Throughout the next day the lempira carried on sliding. The Honduran government looked shaky. People were on the street in Tegucigalpa. Jaz chugged coffee and looked over Walter’s advice to the trading desk. The lempira didn’t figure. It had turned its attention to another asset class, another region. Everything was now U.S. mortgage-backed securities. He was relieved. At least Walter wasn’t telling them to twist the knife.

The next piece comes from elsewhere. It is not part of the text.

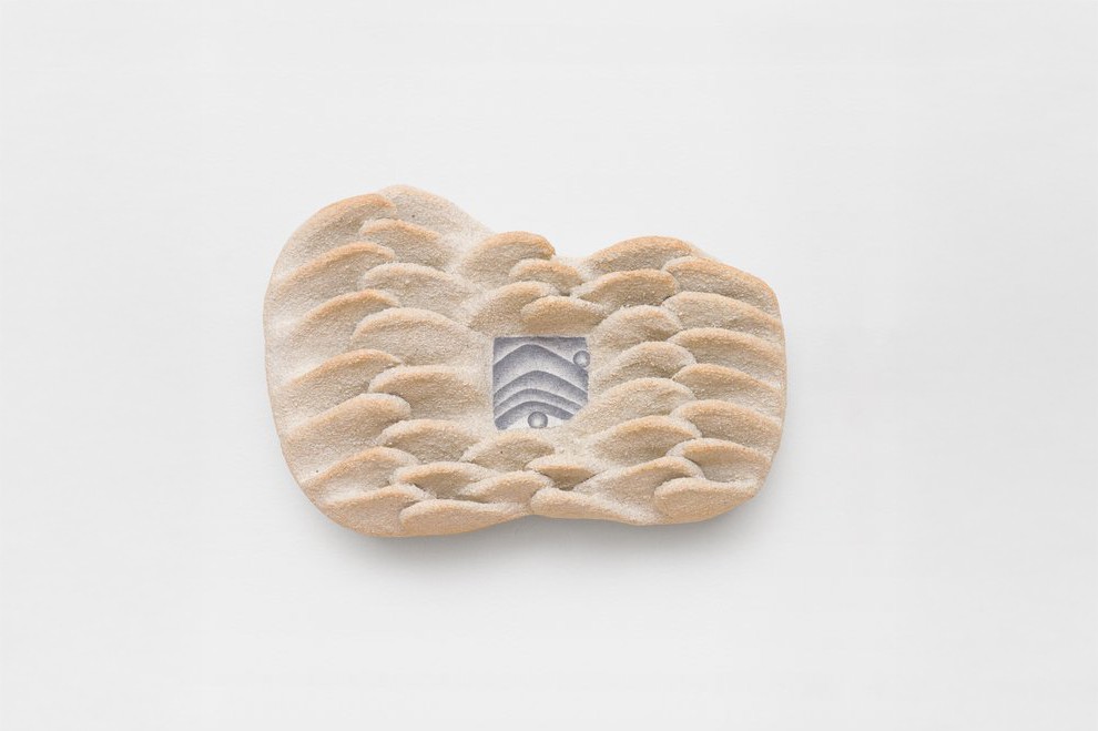 Graphite on ceramic, 25 x 23 x 6 cm.

In the following days Walter built up a huge holding of Australian mining stock, and made some obscure bets in the West African government bond market. Bachman ordered the team to plug in figures on financial institutions in the region, and Jaz’s screens were filled with the activities of the Banque de Développement du Mali, Banque Internationale
pour l’Afrique Occidentale, the Bank of Africa, Banque Sénégalo-Tunisienne, Compagnie Bancaire de l’Afrique Occidentale, Ecobank.… He wouldn’t have noticed anything out of the ordinary, had he not opened the wrong file on his desktop and found himself looking at a graphic illustrating the performance of the Bourse Régionale in Abidjan. The pattern of rise and fall looked familiar. He compared it to a graph of the value of the lempira during the crash and found it tracked almost exactly. That was a coincidence, of course. There was no reason for those two things to be linked. But there also seemed to be no reason why stocks on the Abidjan Bourse should fall so catastrophically just at that moment. There had been no major announcement, no rumor of war. Unlike the lempira, recovery was quick. Three days later trading was at its old level.

He was developing a strange rash on his eyelids. Lisa was barely speaking to him. Though he was exhausted, he was having trouble sleeping: All night Walter’s scatter-pattern visualizations pulsed behind his closed eyes like a swarm of malign insects. He spent several nights in front of the computer in his office upstairs at home, eating chips and salsa by the light of a desk lamp and running comparisons between time-series data on the performance of the lempira and every African variable he could think of—exchange rates, balance of payments, international liquidity, interest rates, prices, production, international transactions, government accounts, national accounts, population. When he was done with Africa, he moved on to East Asian countries.

He found it in Thai banking stocks. The same sudden crash. The same period of time. He couldn’t help asking himself:
Had they done this?
It seemed contrary to reason, one of those ideas, like quantum superposition, that defied common sense. Was Walter having some kind of echo effect? Or was this something else, one of Cy Bachman’s sparks, a trace of divine intellect? Jaz’s neck was spasming. He riffled through the bathroom cabinet, looking for something to help him sleep.